▶ WHAT NEEDS TO BE DONE: Leaving out every picture, retype the lines below from the top through the one that contains "FACT: The Implant".

▶ INPUT DATA:

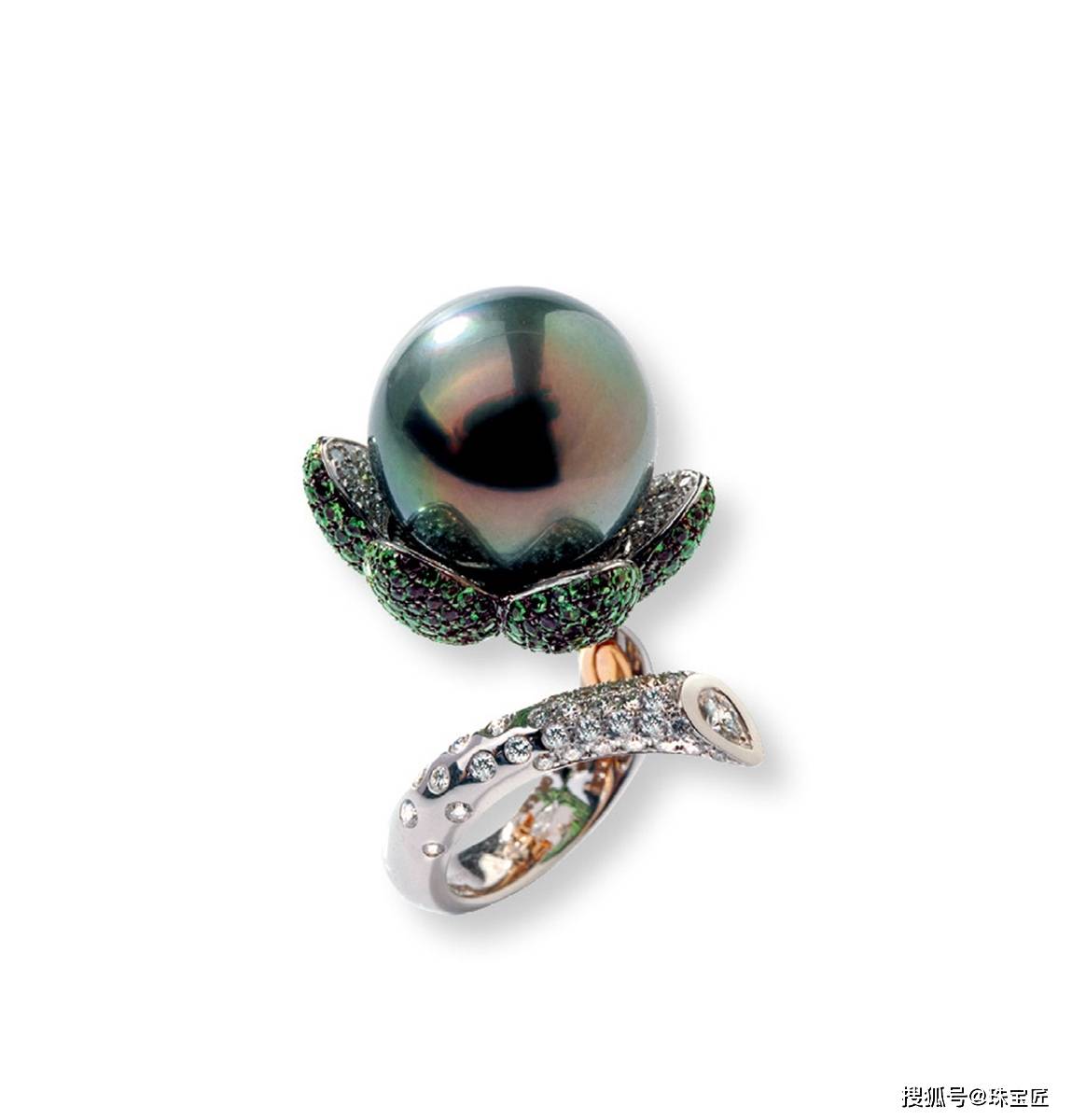 主石是一颗直径16.8mm的大溪地黑珍珠,四周点缀3.29克拉沙弗莱石,戒托以钻石作为点缀,戒圈14.5。
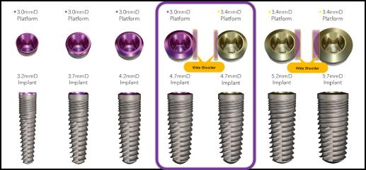 FACT: The Implant system includes a 3.0mmD and 3.4mmD platform options. The 4.7mmD implant if offered with both platform options creating a compromised emergence profile for the 4.7mmD, 5.2mmD and 5.7mmD implants with the 3.4mmD platform.
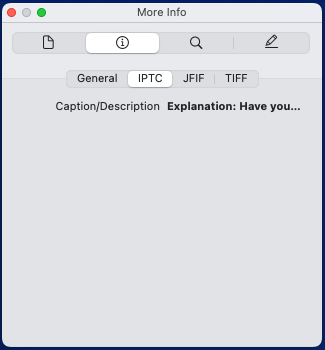 Both the IPTC and TIFF sections are now populated with the Job's speech text in the Caption-Abstract and ImageDescription keys respectively, and Photos displays this scrollable text in the Get Info window. I suspect that Photos is only dipping into IPTC:Caption-Abstract, and not TIFF:ImageDescription, but hard to tell since both get written in my command-line above.
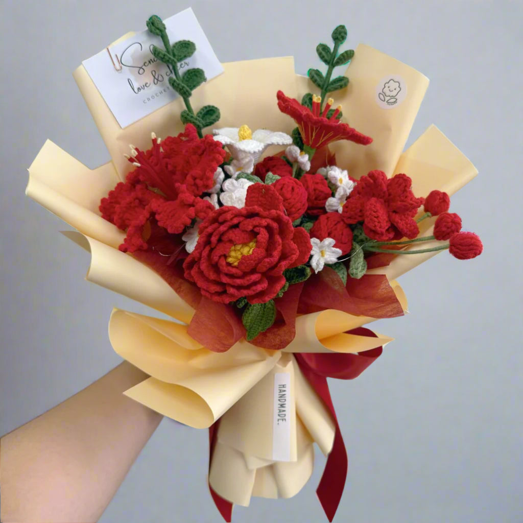 Celebrate the unwavering strength, love, and grace of mothers with Prosperity, a handcrafted crochet bouquet designed to honor and uplift. With its bold red hues symbolizing prosperity and heartfelt devotion, paired with delicate whites that represent purity and serenity, this bouquet is a meaningful keepsake for Mother’s Day and beyond.

▶ ANSWER TO THE EXERCISE:
 主石是一颗直径16.8mm的大溪地黑珍珠,四周点缀3.29克拉沙弗莱石,戒托以钻石作为点缀,戒圈14.5。
 FACT: The Implant system includes a 3.0mmD and 3.4mmD platform options. The 4.7mmD implant if offered with both platform options creating a compromised emergence profile for the 4.7mmD, 5.2mmD and 5.7mmD implants with the 3.4mmD platform.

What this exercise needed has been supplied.